La historia de la vida real es simple: dos chicas, un mal actor y cuatro años de mentiras. Ellas tan opuestas entre sí como un diamante y una esmeralda. Joyas con reflejos virtuosos de lo que él no será jamás. Una de ellas descubrió que la engañaba por una de esas casualidades que nos invitan a pensar si existen hilos manejados por una entidad siniestra que se divierte provocando caos de humor negro.

 

 

La más lista salió huyendo. La otra se quedó envuelta en el eje maltrecho que no puede girar en paz, se quedó a su lado a pesar de toda la mierda que además de todo tuvo que limpiar sin guantes. Me enteré de que la chica lista supo, por otra escalofriante casualidad, que el interfecto llegó a una reunión de gente en común acompañado de otra que no era la joya que gusta de limpiar miasmas. Él llegó acompañado de la novia de uno de sus mejores amigos. Abracé largamente a la chica que recogió su dignidad tiempo atrás. Tiene toda mi admiración por tener las agallas de hacer lo correcto a pesar de amar con todo su corazón. La quiero por tener la lucidez de descubrir mucho más que una infidelidad. La lección más grande que me dio es que supo sacar de su vida un fétido contenedor de basura repleto de mentiras, malas actuaciones, cobardía, deslealtad y una vergonzosa doble vida justo a tiempo de tajo. Brindo por ella porque vive tranquila y a ella dedico este texto.

 

A título personal, me considero una mujer funcional en términos emocionales, preponderantemente honesta. Más allá de peroratas morales, considero a la fidelidad como algo relativo), por lo que entiendo que seguiré encontrándome a lo largo de mi camino con esta bala que hiere a veces de muerte. Que quizá sea yo la que dispare. Le otorgo una cláusula de inviolabilidad a valores más delicados como la honestidad. Puedo entender la infidelidad de un hombre, pero no puedo justificar la deslealtad, ni permitirle cabida en mi círculo. El apego nos empuja a exigir un compromiso que, por su esencia, se antoja virtualmente imposible. La fidelidad por amor es otra cosa. La pulsión del eros es ingobernable en algunos individuos. El raciocinio es nuestro mejor aliado en este tenor. Qué vicisitudes somos capaces de “soportar” (¿quién nos ha dicho que tengamos que soportar algo, carajo?) y cómo las vamos a adecuar a nuestro modus vivendi tiene tesituras múltiples. Cada quién sabe qué infierno decide cargar.
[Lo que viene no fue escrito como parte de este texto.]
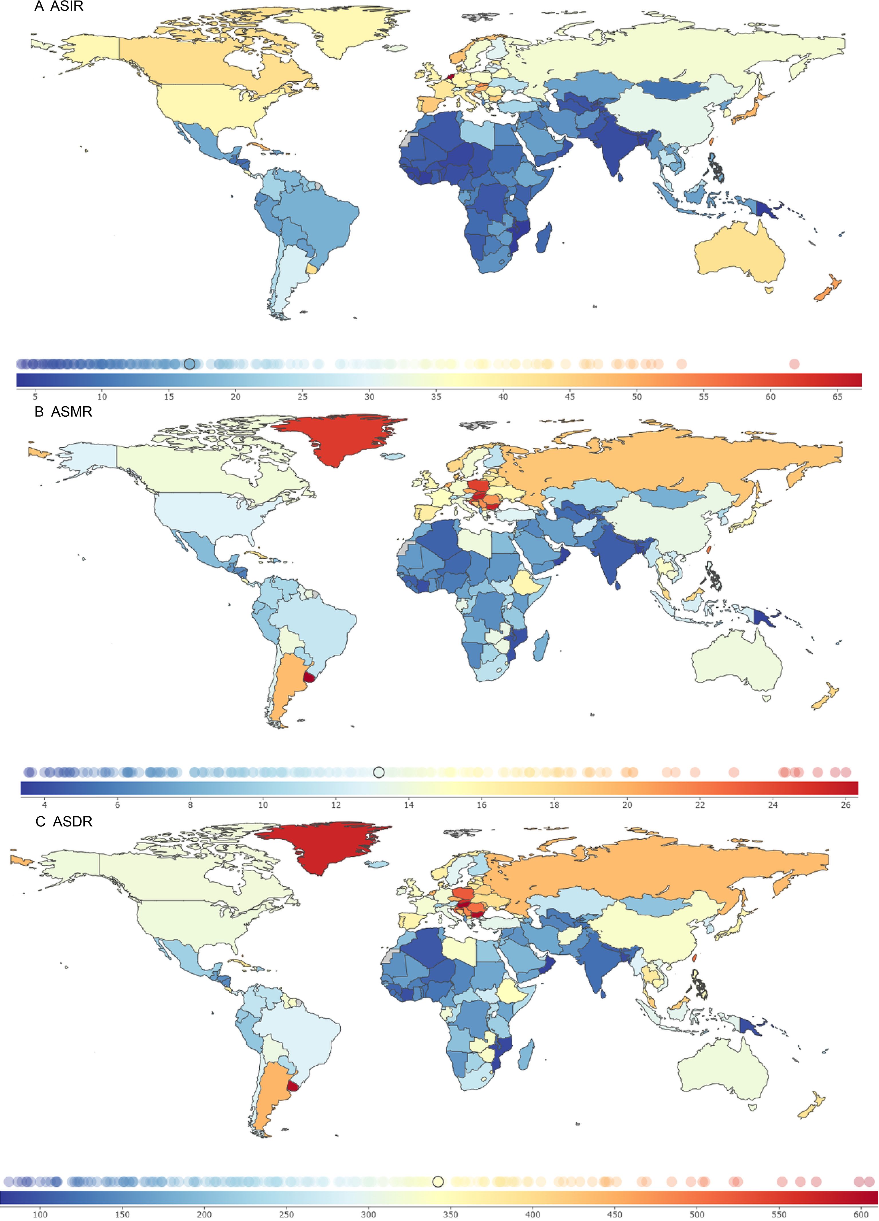 The Eastern Republic of Uruguay, Hungary, and the Republic of Bulgaria had the highest ASMR burdens, at 27.46 (95% UI: 24.25, 30.91), 26.01 (95% UI: 21.73, 31.13), and 25.71 (95% UI: 20.96, 30.73) per 100,000 population, with EAPCs of 0.03 (95% CI: -0.06 to 0.13), -0.63 (95% CI: -0.86 to -0.40), and 1.05 (95% CI: 0.86 to 1.24), respectively.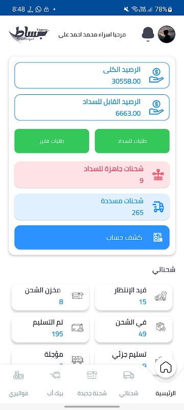 Through the customer interface, through the application, he can add shipments, follow up on his shipments, their status, the shipment’s itinerary, and follow up on his balances and accounts.

Yo descarto los infiernos, amo vivir en paz.

 

 

La fidelidad es un bien escaso en estos tiempos de canallas y me queda tan claro como el hermoso cielo de Dinamarca. No me gustan los impostores, claro está. A menos que el impostor que toque mi puerta sea el cínico, divertido, atormentado y obsesivo compulsivo de Robert Downey Jr. . .de otra manera, por favor, no insista.

 

América Pacheco.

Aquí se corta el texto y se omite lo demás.